Available records:
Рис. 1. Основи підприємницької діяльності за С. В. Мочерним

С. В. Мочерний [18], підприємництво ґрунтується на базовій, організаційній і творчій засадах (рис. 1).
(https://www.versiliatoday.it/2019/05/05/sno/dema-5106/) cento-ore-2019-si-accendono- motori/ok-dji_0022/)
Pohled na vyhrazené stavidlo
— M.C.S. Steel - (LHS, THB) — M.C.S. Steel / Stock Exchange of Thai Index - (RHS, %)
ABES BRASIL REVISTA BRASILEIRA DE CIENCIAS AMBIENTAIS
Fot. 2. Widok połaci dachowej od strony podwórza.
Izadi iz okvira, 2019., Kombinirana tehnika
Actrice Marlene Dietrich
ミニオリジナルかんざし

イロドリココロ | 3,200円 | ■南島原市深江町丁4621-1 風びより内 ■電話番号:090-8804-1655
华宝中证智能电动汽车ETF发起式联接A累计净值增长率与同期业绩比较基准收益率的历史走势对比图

---

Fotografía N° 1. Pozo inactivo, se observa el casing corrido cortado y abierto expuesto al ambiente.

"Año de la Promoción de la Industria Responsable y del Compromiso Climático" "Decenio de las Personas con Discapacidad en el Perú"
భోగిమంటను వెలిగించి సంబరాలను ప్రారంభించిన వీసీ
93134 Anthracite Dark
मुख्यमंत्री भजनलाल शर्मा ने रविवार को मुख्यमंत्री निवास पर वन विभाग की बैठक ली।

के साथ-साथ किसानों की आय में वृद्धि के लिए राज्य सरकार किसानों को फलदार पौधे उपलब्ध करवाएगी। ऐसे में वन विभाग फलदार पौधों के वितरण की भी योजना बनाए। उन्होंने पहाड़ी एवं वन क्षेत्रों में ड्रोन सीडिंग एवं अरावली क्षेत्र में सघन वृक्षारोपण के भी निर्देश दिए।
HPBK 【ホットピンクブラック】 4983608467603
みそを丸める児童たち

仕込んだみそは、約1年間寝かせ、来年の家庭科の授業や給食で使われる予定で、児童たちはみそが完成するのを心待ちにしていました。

Exercise brief: Above are the records; print exactly the lines from the line with "Fotografía N° 1." to the line with "仕込んだみそは、約1年間寝か", including both, and nothing else.

Response:
Fotografía N° 1. Pozo inactivo, se observa el casing corrido cortado y abierto expuesto al ambiente.

"Año de la Promoción de la Industria Responsable y del Compromiso Climático" "Decenio de las Personas con Discapacidad en el Perú"
భోగిమంటను వెలిగించి సంబరాలను ప్రారంభించిన వీసీ
93134 Anthracite Dark
मुख्यमंत्री भजनलाल शर्मा ने रविवार को मुख्यमंत्री निवास पर वन विभाग की बैठक ली।

के साथ-साथ किसानों की आय में वृद्धि के लिए राज्य सरकार किसानों को फलदार पौधे उपलब्ध करवाएगी। ऐसे में वन विभाग फलदार पौधों के वितरण की भी योजना बनाए। उन्होंने पहाड़ी एवं वन क्षेत्रों में ड्रोन सीडिंग एवं अरावली क्षेत्र में सघन वृक्षारोपण के भी निर्देश दिए।
HPBK 【ホットピンクブラック】 4983608467603
みそを丸める児童たち

仕込んだみそは、約1年間寝かせ、来年の家庭科の授業や給食で使われる予定で、児童たちはみそが完成するのを心待ちにしていました。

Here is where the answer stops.